Although, we both shared different views on these issues, when we talked about the outrageous steady increase of house rent by landowners (landlords), we shared a common ground.
If you reside in Nigeria, majorly primes areas in Lagos, Abuja, Port Harcourt and Calabar, you will notice the steady increase in house rents by these landowners who probably think as long as you have a white collar job, you are the Governor of Central Bank.
This arbitrary increase in house rents has led some people to explore the possibility of renting apartments in the outskirts of the cities, yet these under-developed areas are quickly catching up with the cities.
So, as a smart employee or business owner, it is important that you start planning your way of escape from the fangs of the desperate landowners. These days, it is possible to acquire a piece of land in a remote area outside the busy cities and gradually build it over a period of time. But it is smarter to leverage on mortgage loan while you can.
Mortgage loans, also referred to as mortgage, is when someone (the purchaser) uses a real property to raise money from financial institutions (the lender) to buy the same property. That definition might be a bit confusing. Here is what I mean: Mortgage is simply to get a loan from a bank or mortgage firm to buy a property (whether a rental or home) using the same property and your cash flow as a collateral.
These days, there are hundreds of organisations, financial institutions inclusive, who are offering mortgage services. Even the Federal Government has a mortgage scheme in place that you can leverage on. Some corporations also give their long-term serving staff the opportunity to leverage on this Federal, State or Private Scheme.
Whether you are privileged to work in such organisation or not, you will be smarter if you thinking about finding a good mortgage for yourself so you can ease the burden of paying ridiculous house rent annually.
But when considering a mortgage loan, here is an important criterion—you must have a steady flow of income. This simply means to have a very good job in a well recognised organisation or to own a business that is big enough to cater for a heavy loan.
Also, I always advise those who want to leverage on mortgage loan to open a mortgage account with a mortgage bank, making sure at the end of every month, they are depositing X amount of money into the account. The purpose is simply to plan ahead for the time you will be applying for the loan. It will add up to your minimum down payment, which is usually 30 percent.
However, when choosing a mortgage firm, there are five vital things you must consider.
Firstly, you must consider the interest rate because it may be fixed for the period of the loan or changing, variably, at a certain period of the loan. In a variable situation, the interest rate may increase or decrease over a certain period of the loan, but your best bet is to have a fixed interest rate loan.
Secondly, you should consider the term of payment, which is the number of years after which an amortising loan will be repaid. When it comes to repayment plan of a mortgage loan, the minimum years you can get to pay back is 20.
However, it is important to find out if you will be required to pay any remaining balance at a certain date or it can be extended after you have used up the term of payment.
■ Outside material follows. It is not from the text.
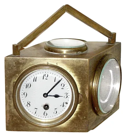 Charles Hour, French desk clock, thermometer, barometer and compass set with 8day, time only, spring driven movement in a diamond shaped brass case with triangular handle, c1920

My advice is that you look for a mortgage firm with flexible plan simply because they truly want you to own a property. Thirdly, you should consider the payment amount and frequency. Know how much you will need to pay per period and the frequency. Be sure to find out that the amount to be paid per period can be increase or decrease so it is convenient for you to repay your loan.
And fourthly, you should bear it in mind that if you default over a period of time; the property can be repossessed or foreclosed by the lenders. Lastly, when considering a mortgage, visit several mortgage firms; thorough read through their terms and conditions, ask series of questions before taking the first step to process your mortgage loan.